What's Behind The Odd Data?
citking writes "CNet is reporting that 'network administrators and security experts continue to search for the cause of an increasing amount of odd data that has been detected on the Internet.' While this has been going on now for a few days and some experts have already declared victory against the 'trojan', others aren't so sure that the real culprit has been identified yet. Other stories can be found here(1) and here(2)."
Maybe that are residues of testing? Some people writing networking-software maybe just made some debugging runs using data sent over the net and sent out erroneous packets.
Maybe it is some rare case with a seldom occuring situation where the TCP/IP protocol runs mad? I mean, when designing such flexible and autonomous systems sometimes there are things you can't foresee.

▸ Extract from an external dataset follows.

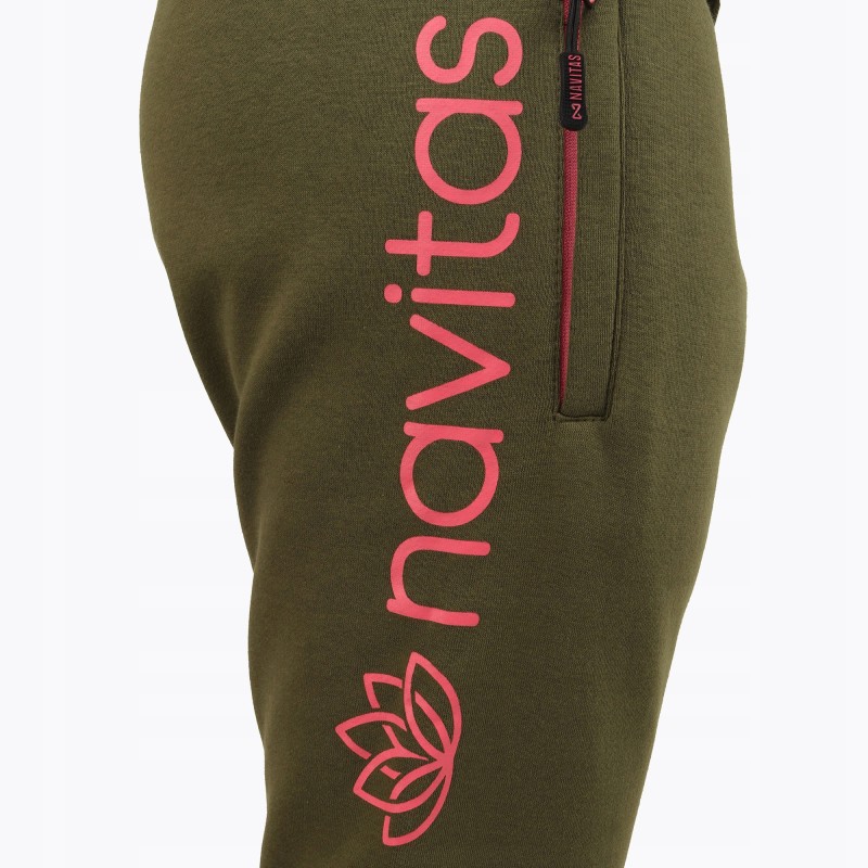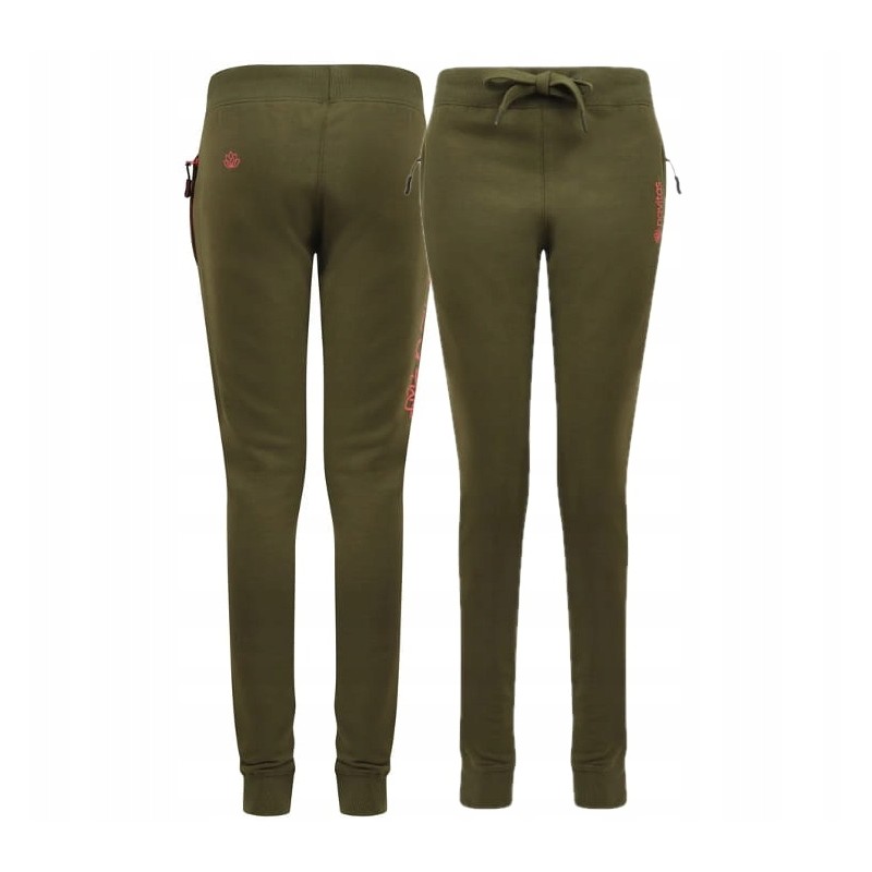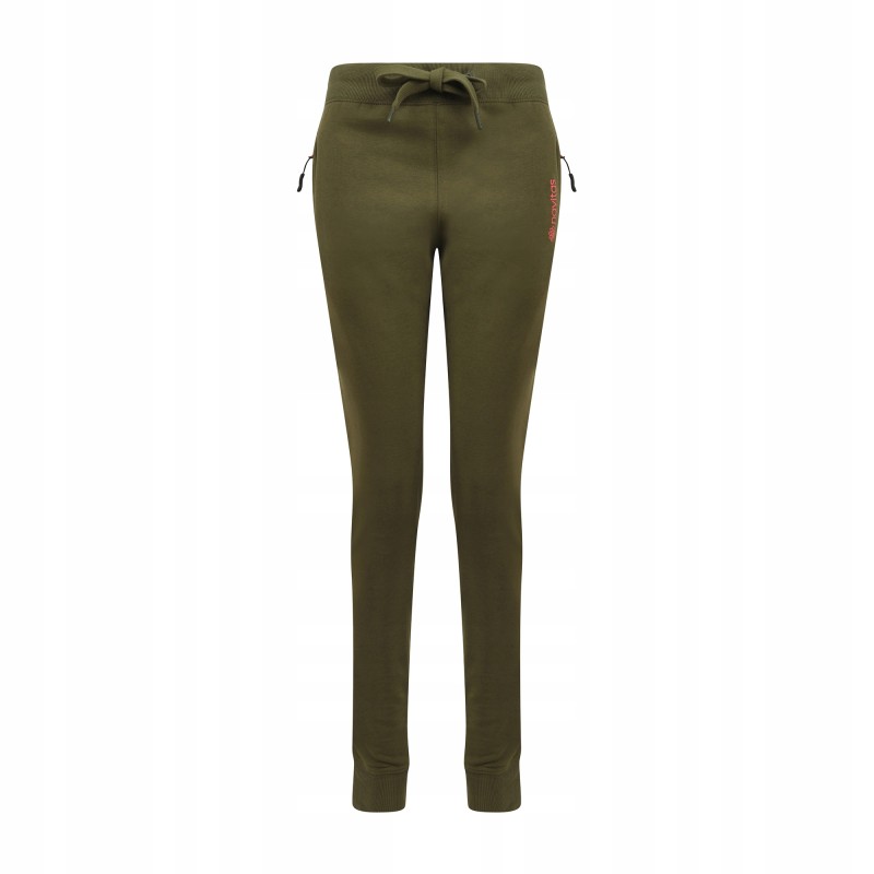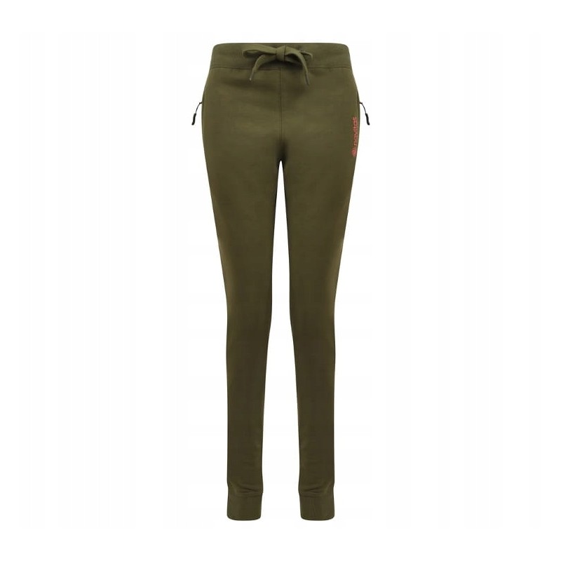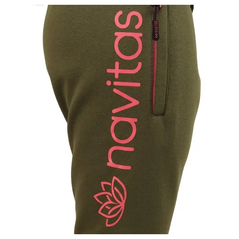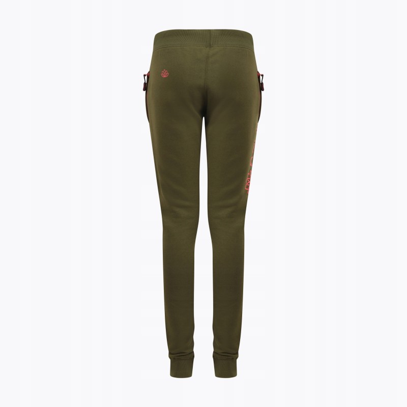 Joggery Lily uszyte z super miękkiej mieszanki bawełny w dopasowanym kroju, ze ściągaczem w pasie, kieszeniami na suwak, wąskimi mankietami na kostkach i ikoną kwiatu lotosu „Lily” i brandingiem na nogawce.
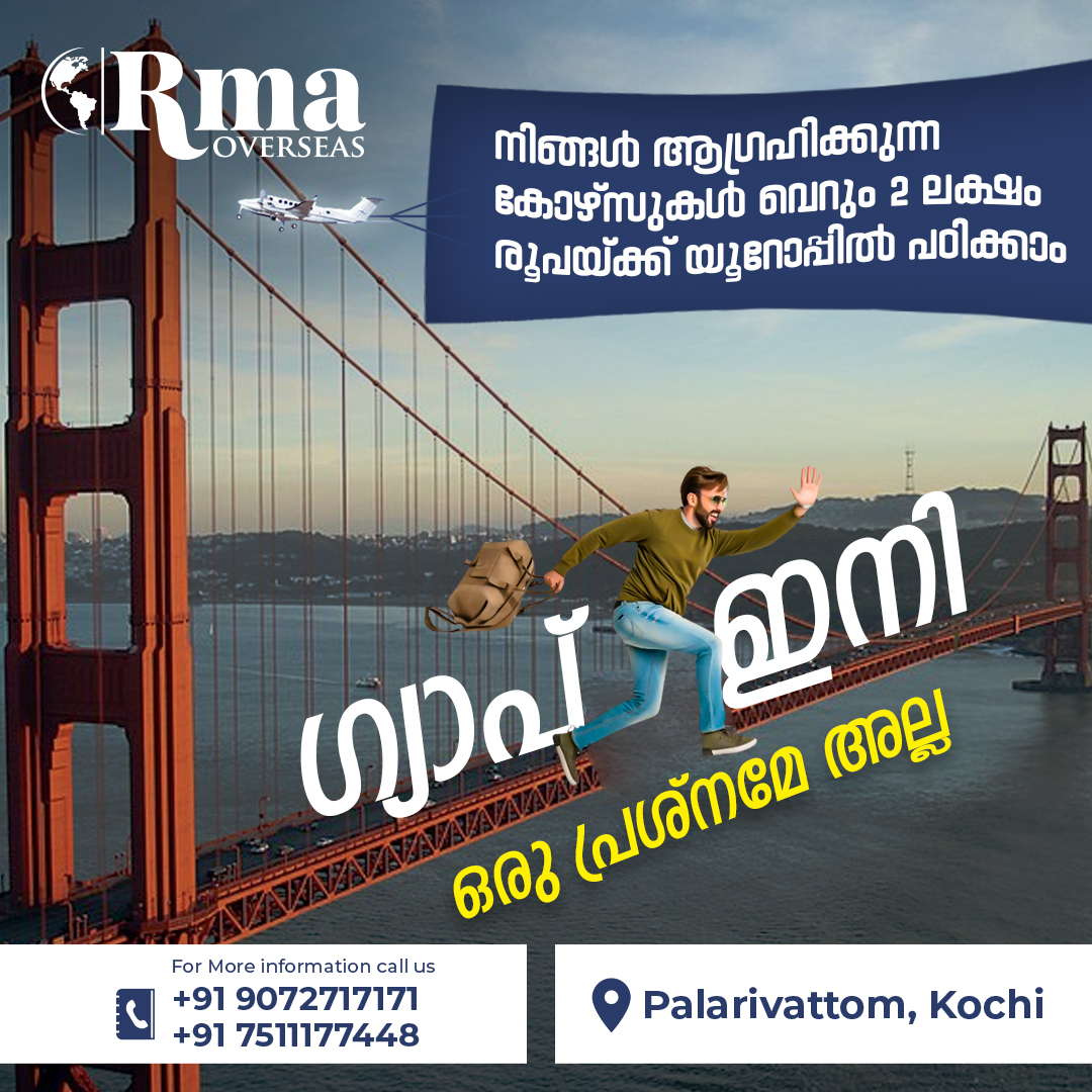 RMA Overseas is a study abroad consultancy located in Kochi, Kerala, dedicated to helping students navigate their educational journeys and visa applications for countries like the UK, Canada, Australia, and New Zealand. They provide a range of services, from university admissions (sometimes even without requiring IELTS) to visa processing, and they’re known for their expertise in placements and managing the often complicated process of pursuing international education. While many reviews highlight their success in securing visas, there are some signs that certain branches may have closed, leading to a mixed online presence. RMA Overseas aims to support both students and professionals in chasing international opportunities, offering services like study abroad counseling, university and course selection, admission processing, visa assistance, and career guidance. Their goal is to deliver reliable, transparent, and personalized support throughout the overseas application journey.

After decades of online time and rewrites of TCP/IP core parts in combination with the unpredictability of such huge systems it would not surprise me, if that are just packets which emerge every now and then.
Another explanation: the net has gotten critical mass and is becoming conscious....
Just my two cents.....
Keep open minded - but not that open your brain falls out...
This indirect approach to communicate is very interesting, as it's indirect.
The trojan could broadcast the 'odd data', containing information, and such, while another trojan can listen for weird packets like those, and grab info from them.
As the source cannot be identified easily, it would be very hard to discover the infected computer, and the destination doesn't exist, it's a weird way to communicate.
My two cents.
Founder of Mirror Moon - Tsukihime Game Trans
Something's wrong with this theory. I have several thousands of these packets in my logs, but they started to appear back in october. They are directed at many ports (which are closed on my system), but each originator tries several times. Many attempts look like an Edonkey client trying to deliver a message, which is not unusual on a dynamic IP connection where the previous user of an IP apparently used filesharing programs. Either the window-size 55808 isn't that unusual or the "infection" has been around much longer. Another system on a static IP has yet to see even one packet with that window-size. If it's a mapping system, it certainly isn't random. It could be that ??AA-serving companies are looking for "tainted" filesharing clients which they could then ask to reveal more information about the system and their owners by using strange packets for hidden communication with the client. If this is true, the trojan which randomly sends out strange packets is merely a decoy.
Stupid question: Can you think of a program that was written to appear broken, but actually functions in a way that is not immediately apparent? The thought crossed my mind when I saw everyone writing this off as buggy code.
This is a concept true-anonymous (not just group-anonymous) encrypted stealth P2P application currently in non-public development. We will not give its official name here as development is in early stages of design refinement, but the current prototype is codenamed "rolypoly".
It would appear that someone has been testing it on the Internet instead of our private testing VPN, probably unwittingly via a misconfigured gateway. We apologise for this as it is a private research project, although it is a testament to our protocol that even though it is in design, we are ourselves already unable to trace the source, and will have to actually telephone each tester to determine who it is!
We apologise for the strange nature of the packets, and will conduct the probes in a different manner in the next version, as we have devised an improved method which will conserve a lot of bandwidth, to be implemented in the next prototype, "strudel". The fixed window size is a simple bug that will be corrected, as padding should not only be mimic-function quasi-random, but the packets should be over ten times smaller! The behaviour of later versions is likely to differ considerably, and should approach unfilterable "noise" or resemble legitimate traffic, especially behind firewalls (strudel should be able to bridge even web proxy-only scenarios, and reduced connectivity will merely slow things down). You may also find that later versions utilise multicast to a certain extent.
Nodes capable of transmitting packets with spoofed IPs are used to connect two hosts behind firewalls (by issuing handshake responses "for" them), and for one-way anonymous automated host discovery without need for a nodelist. Many ISPs block such packets, so nodes capable of doing this are valued even if they are low-bandwidth.
We are not responsible, by the way, for the copycat trojans that have been popping up mimicking the traffic caused by the errant test, and we do not know who is.
Posted via an anonymous proxy for our protection.
Anybody decoding the secret message in the initial sequence numbers ;-?